• **Task statement**:
A faithful copy of the data, pictures omitted, is the required answer.

Collected data:
------------------------------

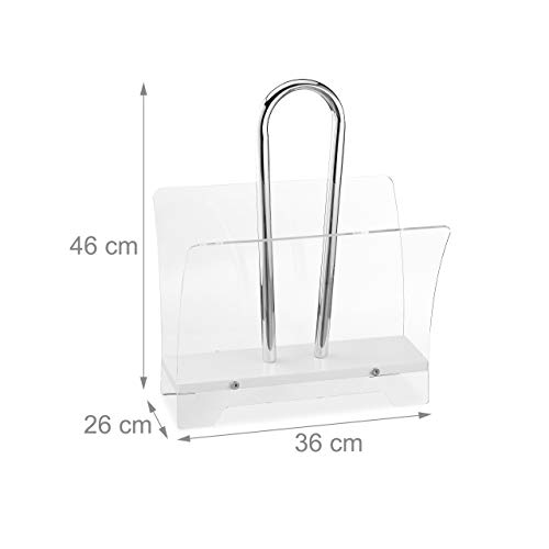 Relaxdays, giornali Portariviste con Impugnature, per Giornali & Magazine, Design Moderno, HxL 46x36 cm ca, Acrilico, Trasparente, Pannelli MDF, Metallo, 1 pz
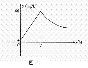 21.(8分)近年来,我国煤矿安全事故频频发生,其中危害最大的是瓦斯,其主要成分是CO.在一次矿难事件的调查中发现:从零时起,井内空气中CO的浓度达到4 mg/L,此后浓度呈直线型增加,在第7小时达到最高值46 mg/L,发生爆炸;爆炸后,空气中的CO浓度成反比例下降.如图11,根据题中相关信息回答下列问题:
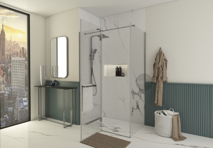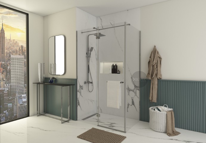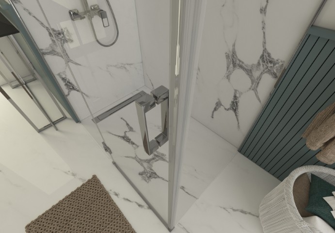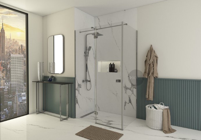 Dikdörtgen İki Sabit Bir Açılır Menteşeli Duş Kabini
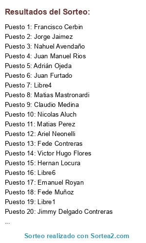 Resultados del sorteo:
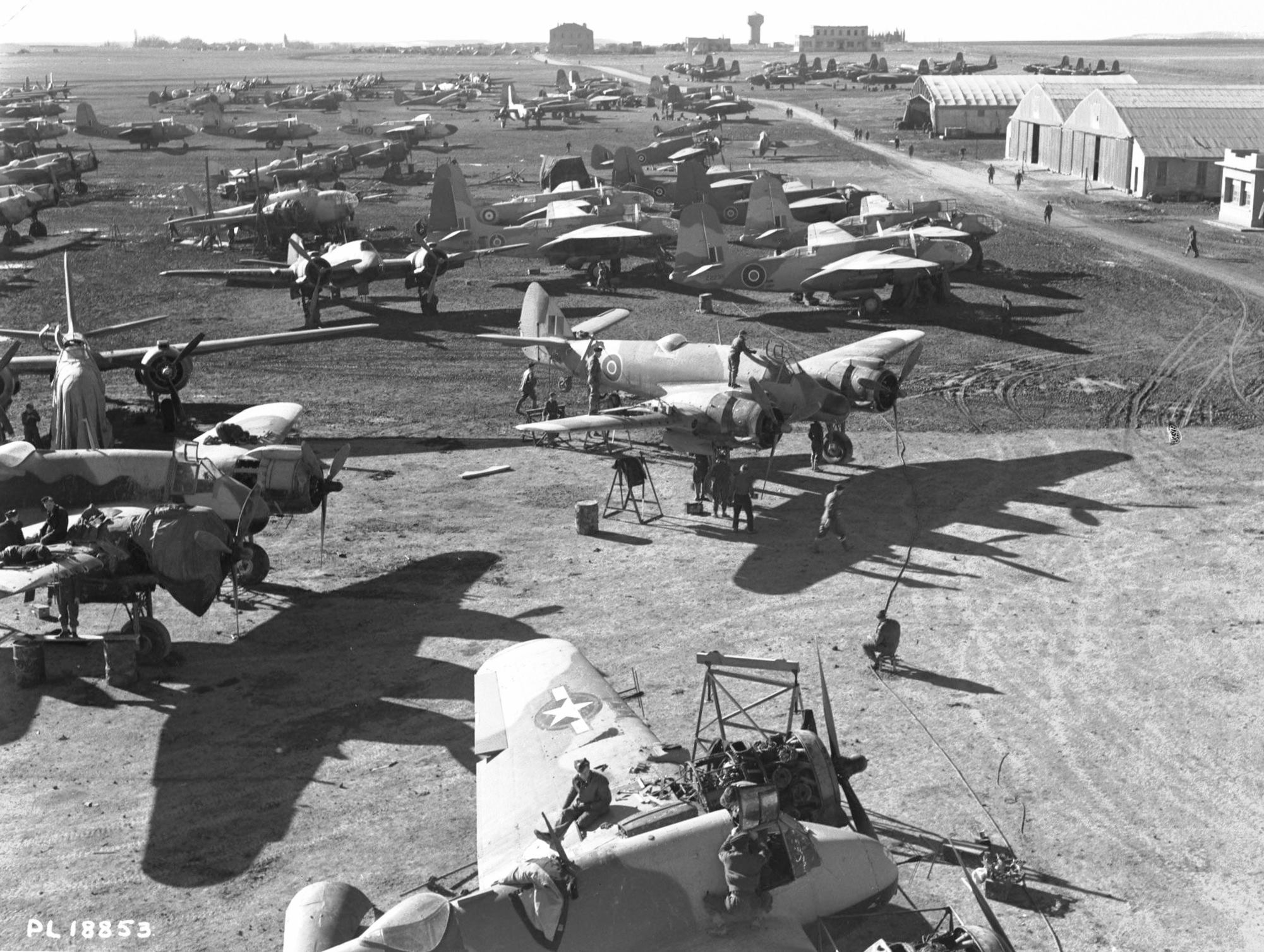 RCAF, RAF and USAAF aircraft at an airfield likely in the Mediterranean Theatre of Operations. USAAF Bristol Beaufighter undergoing maintenance in the foreground, RAF Beaufighters, RAF Douglas Bostons, USAAF Douglas A-20 Havocs, RAF Martin Baltimores, USAAF Martin B-26 Marauders (upper right).
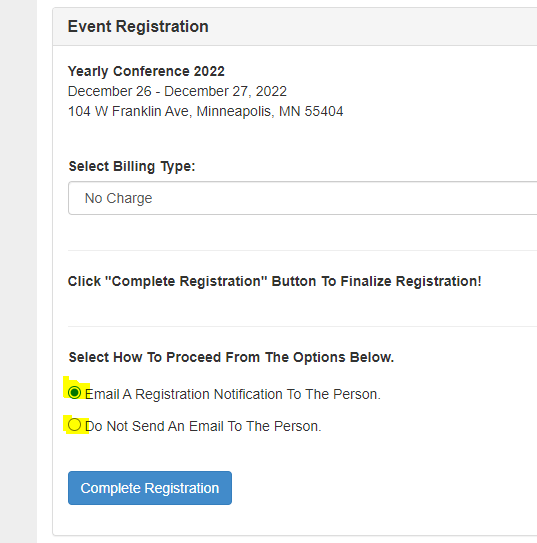 For Complimentary via Admin Registration there is now functionality to control the e-mail response for these types of Admin registrations
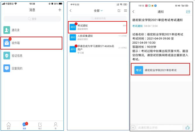 學(xué)校發(fā)起考試通知,點(diǎn)擊收件箱通知進(jìn)入考試。
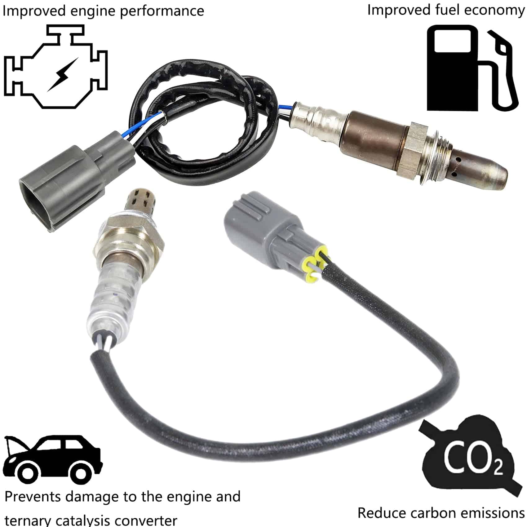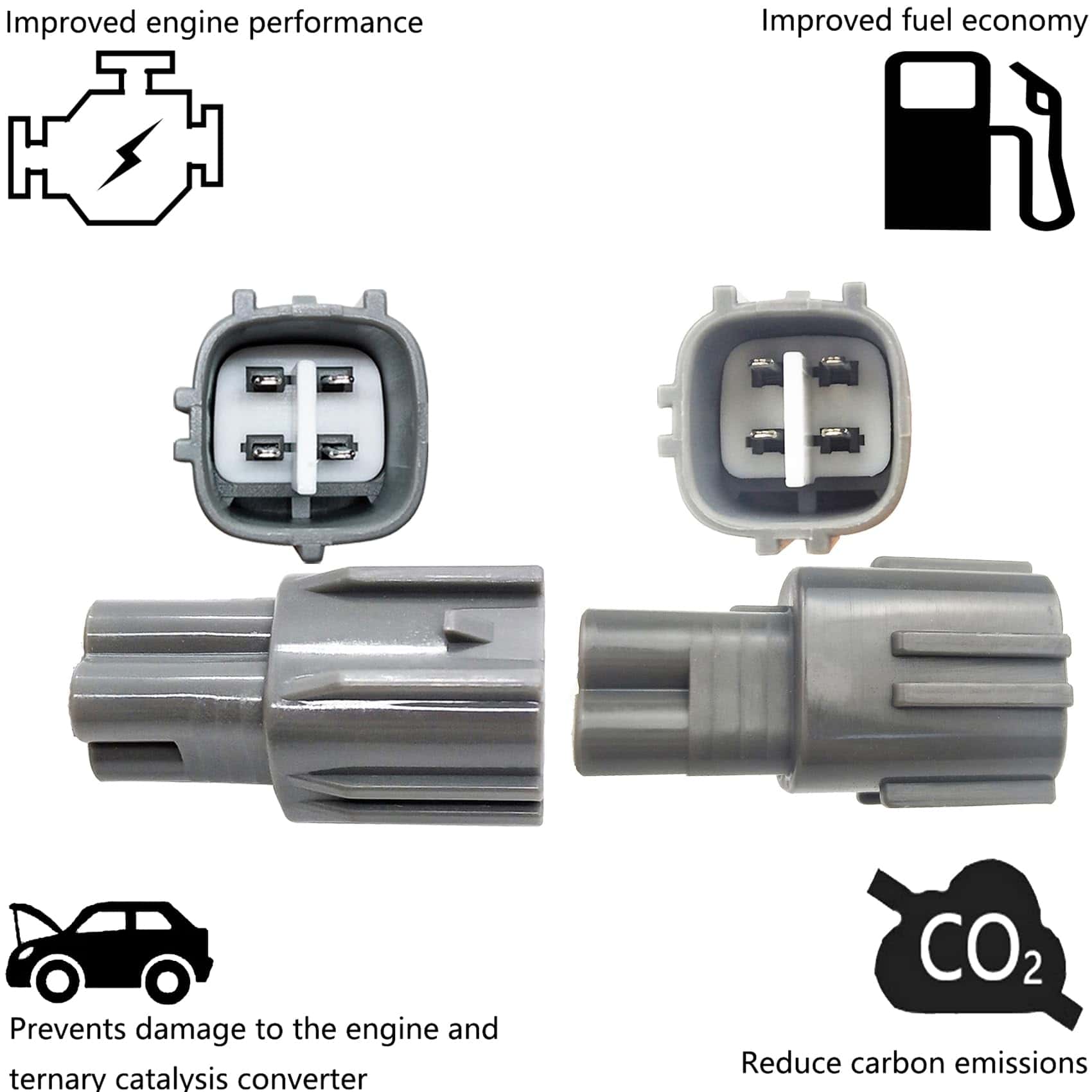 Énfasis en la durabilidad, nuestro sensor de oxígeno está meticulosamente fabricado con materiales resistentes a altas temperaturas, asegurando tiempos de respuesta rápidos. El cuerpo de acero inoxidable de doble soldadura láser es completamente sumergible, formando un sello hermético para una longevidad extendida. Por favor, verifique su información del automóvil con Compatibility Garage (marca, modelo y nivel de acabado) y número OEM antes de comprar. Se ajustará a su vehículo cuando el enchufe y la longitud y posición sean iguales que su sensor de oxígeno original. La instalación es fácil, los sensores de oxígeno reemplazan perfectamente los componentes existentes en sus posiciones originales de instalación, sin necesidad de modificaciones. La instalación se simplifica en su vehículo, facilitada por roscas pre-recubiertas que contribuyen a un proceso de instalación suave y eficiente. Consejo: Sensor 1 de banco 1 corriente arriba derecha / trasera; Sensor 1 de banco 2 corriente arriba izquierda / delantera; Sensor 2 de banco 1 corriente abajo derecha / trasera; Sensor 2 de banco 2 corriente abajo izquierda / delantera; sensor 1 corriente arriba, sensor 2 corriente abajo.
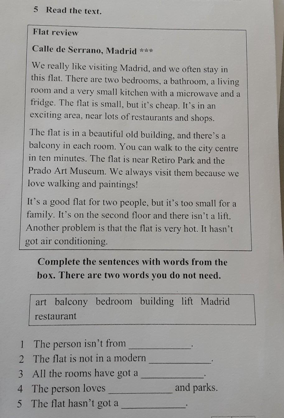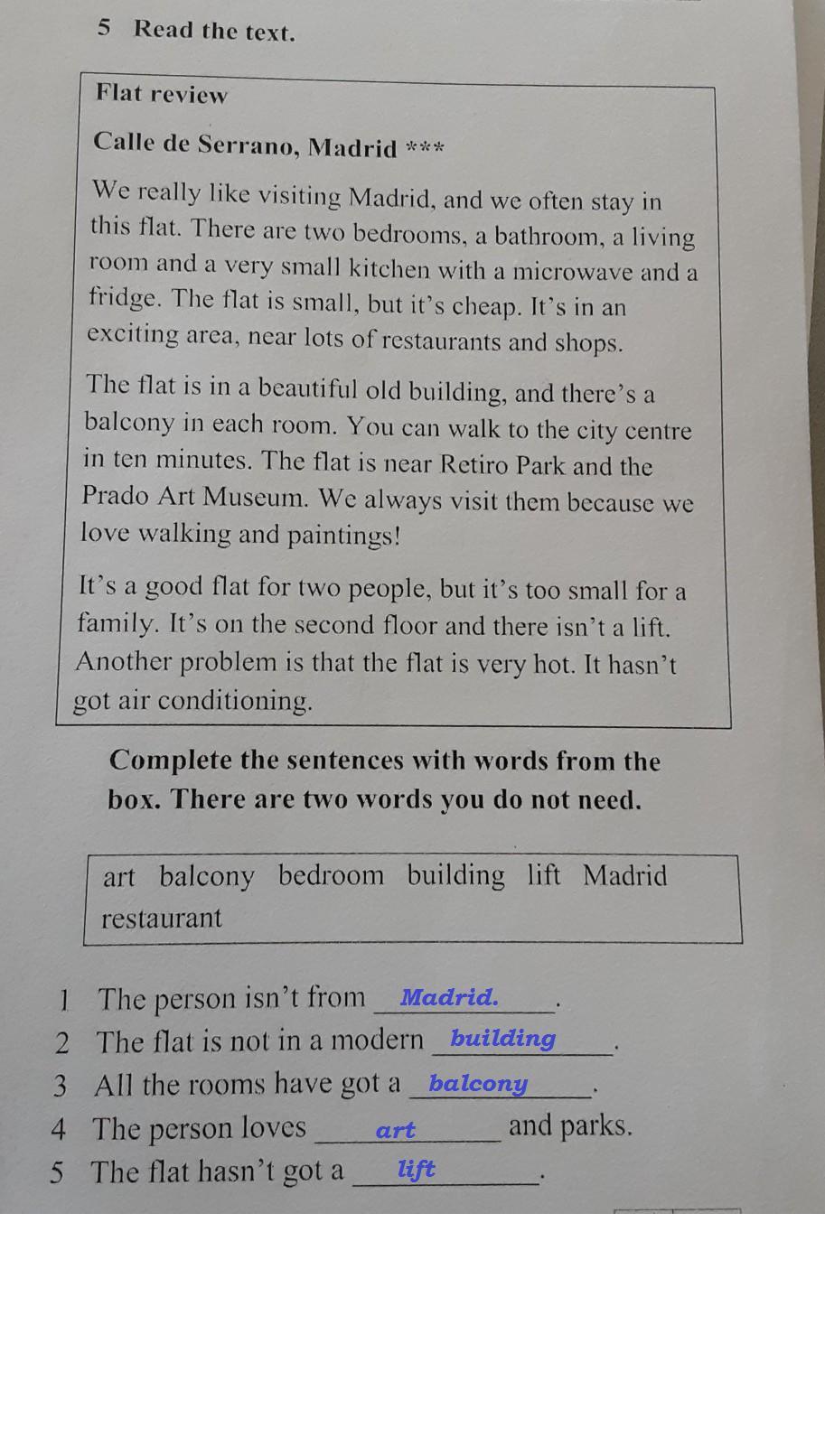 Ответ: 1. Madrid. 2. building. 3. balcony. 4. Art. 5. lift.

------------------------------

• **Solution to this exercise**:
 Relaxdays, giornali Portariviste con Impugnature, per Giornali & Magazine, Design Moderno, HxL 46x36 cm ca, Acrilico, Trasparente, Pannelli MDF, Metallo, 1 pz
 21.(8分)近年来,我国煤矿安全事故频频发生,其中危害最大的是瓦斯,其主要成分是CO.在一次矿难事件的调查中发现:从零时起,井内空气中CO的浓度达到4 mg/L,此后浓度呈直线型增加,在第7小时达到最高值46 mg/L,发生爆炸;爆炸后,空气中的CO浓度成反比例下降.如图11,根据题中相关信息回答下列问题:
 Dikdörtgen İki Sabit Bir Açılır Menteşeli Duş Kabini
 Resultados del sorteo:
 RCAF, RAF and USAAF aircraft at an airfield likely in the Mediterranean Theatre of Operations. USAAF Bristol Beaufighter undergoing maintenance in the foreground, RAF Beaufighters, RAF Douglas Bostons, USAAF Douglas A-20 Havocs, RAF Martin Baltimores, USAAF Martin B-26 Marauders (upper right).
 For Complimentary via Admin Registration there is now functionality to control the e-mail response for these types of Admin registrations
 學(xué)校發(fā)起考試通知,點(diǎn)擊收件箱通知進(jìn)入考試。
 Énfasis en la durabilidad, nuestro sensor de oxígeno está meticulosamente fabricado con materiales resistentes a altas temperaturas, asegurando tiempos de respuesta rápidos. El cuerpo de acero inoxidable de doble soldadura láser es completamente sumergible, formando un sello hermético para una longevidad extendida. Por favor, verifique su información del automóvil con Compatibility Garage (marca, modelo y nivel de acabado) y número OEM antes de comprar. Se ajustará a su vehículo cuando el enchufe y la longitud y posición sean iguales que su sensor de oxígeno original. La instalación es fácil, los sensores de oxígeno reemplazan perfectamente los componentes existentes en sus posiciones originales de instalación, sin necesidad de modificaciones. La instalación se simplifica en su vehículo, facilitada por roscas pre-recubiertas que contribuyen a un proceso de instalación suave y eficiente. Consejo: Sensor 1 de banco 1 corriente arriba derecha / trasera; Sensor 1 de banco 2 corriente arriba izquierda / delantera; Sensor 2 de banco 1 corriente abajo derecha / trasera; Sensor 2 de banco 2 corriente abajo izquierda / delantera; sensor 1 corriente arriba, sensor 2 corriente abajo.
 Ответ: 1. Madrid. 2. building. 3. balcony. 4. Art. 5. lift.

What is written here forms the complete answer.